Work request: Omit the images, then print each record below exactly as it reads.

Supplied material:
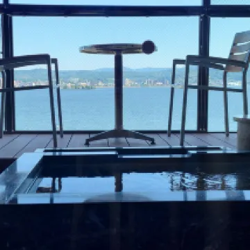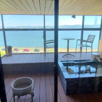 Stayed in the Cloud room with a private onsen in the balcony facing an awesome view of the lake. Room was clean and spacious with a generous supply of amenities. Visited the public bath as well but was nothing impressive. Beer and yakult was provided free of charge in the hotel lobby. Note that if you are traveling with young children, they change an extra ¥2500 per child just for them to be in the room, no extra beds provided and breakfast is a separate charge. Breakfast served was exquisite and in a private dining room which we appreciate. Overall nice experience but just one night is enough as the town is very quiet and the room price is very steep.
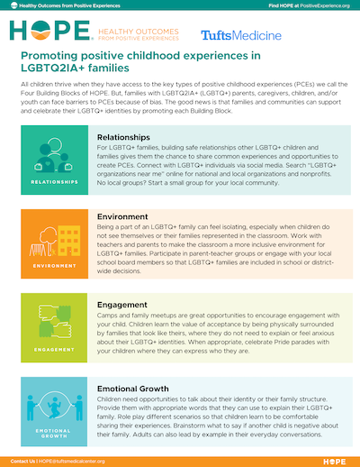 All children thrive when they have access to the key types of positive childhood experiences (PCEs) we call the Four Building Blocks of HOPE. But, families with LGBTQ2IA+ (LGBTQ+) parents, caregivers, children, and/or youth can face barriers to PCEs because of bias. The good news is that families and communities can support and celebrate their LGBTQ+ identities by promoting each Building Block.
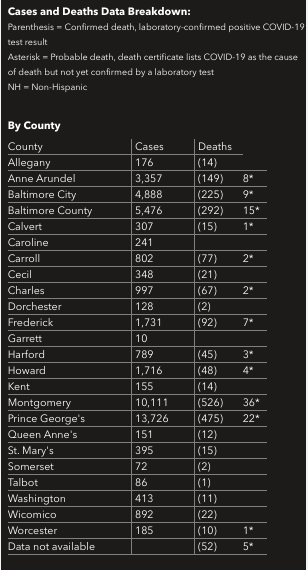 Of those who have died, officials reported Monday morning that 1,001 were residents of Montgomery and Prince George's counties, where 526 and 475 have died from the illness, respectively.
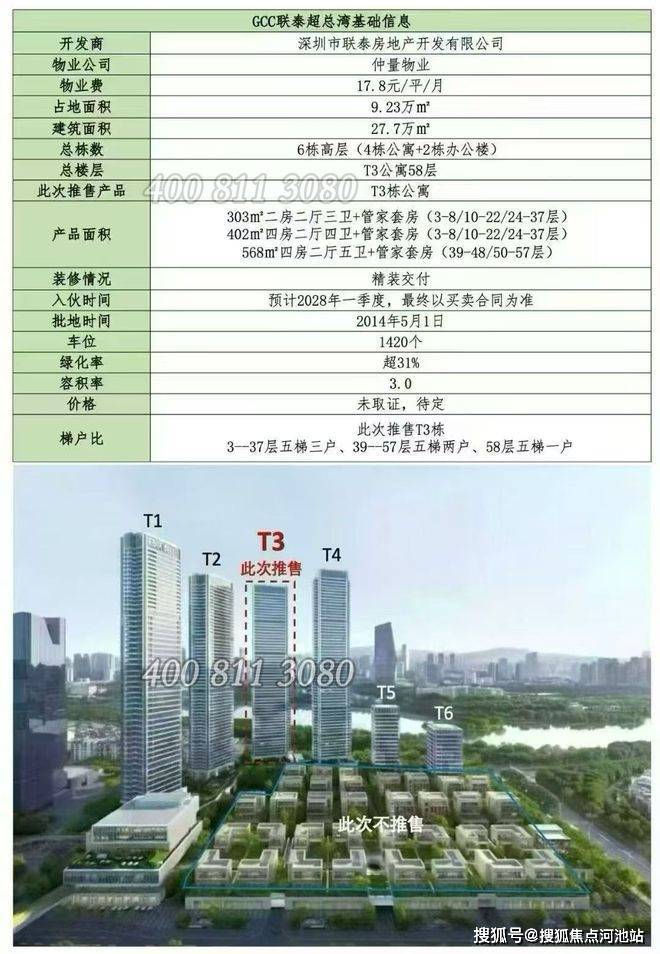 项目情况:首推T3栋约123套,层高3.6米,3-37层5梯3户,面积303-327-401平;39-57层5梯2户,面积401-570平;58层5梯1户,面积1000平。避难层9、23、38、49层。联泰超总湾售楼处电话4009099108
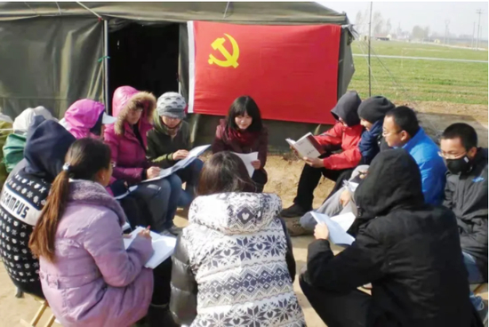 考古文博学院从2006年起探索在校外实习的考古队中建立临时党支部,图为考古队临时党支部在发掘现场学习党的十八大精神。

Task response:
 Stayed in the Cloud room with a private onsen in the balcony facing an awesome view of the lake. Room was clean and spacious with a generous supply of amenities. Visited the public bath as well but was nothing impressive. Beer and yakult was provided free of charge in the hotel lobby. Note that if you are traveling with young children, they change an extra ¥2500 per child just for them to be in the room, no extra beds provided and breakfast is a separate charge. Breakfast served was exquisite and in a private dining room which we appreciate. Overall nice experience but just one night is enough as the town is very quiet and the room price is very steep.
 All children thrive when they have access to the key types of positive childhood experiences (PCEs) we call the Four Building Blocks of HOPE. But, families with LGBTQ2IA+ (LGBTQ+) parents, caregivers, children, and/or youth can face barriers to PCEs because of bias. The good news is that families and communities can support and celebrate their LGBTQ+ identities by promoting each Building Block.
 Of those who have died, officials reported Monday morning that 1,001 were residents of Montgomery and Prince George's counties, where 526 and 475 have died from the illness, respectively.
 项目情况:首推T3栋约123套,层高3.6米,3-37层5梯3户,面积303-327-401平;39-57层5梯2户,面积401-570平;58层5梯1户,面积1000平。避难层9、23、38、49层。联泰超总湾售楼处电话4009099108
 考古文博学院从2006年起探索在校外实习的考古队中建立临时党支部,图为考古队临时党支部在发掘现场学习党的十八大精神。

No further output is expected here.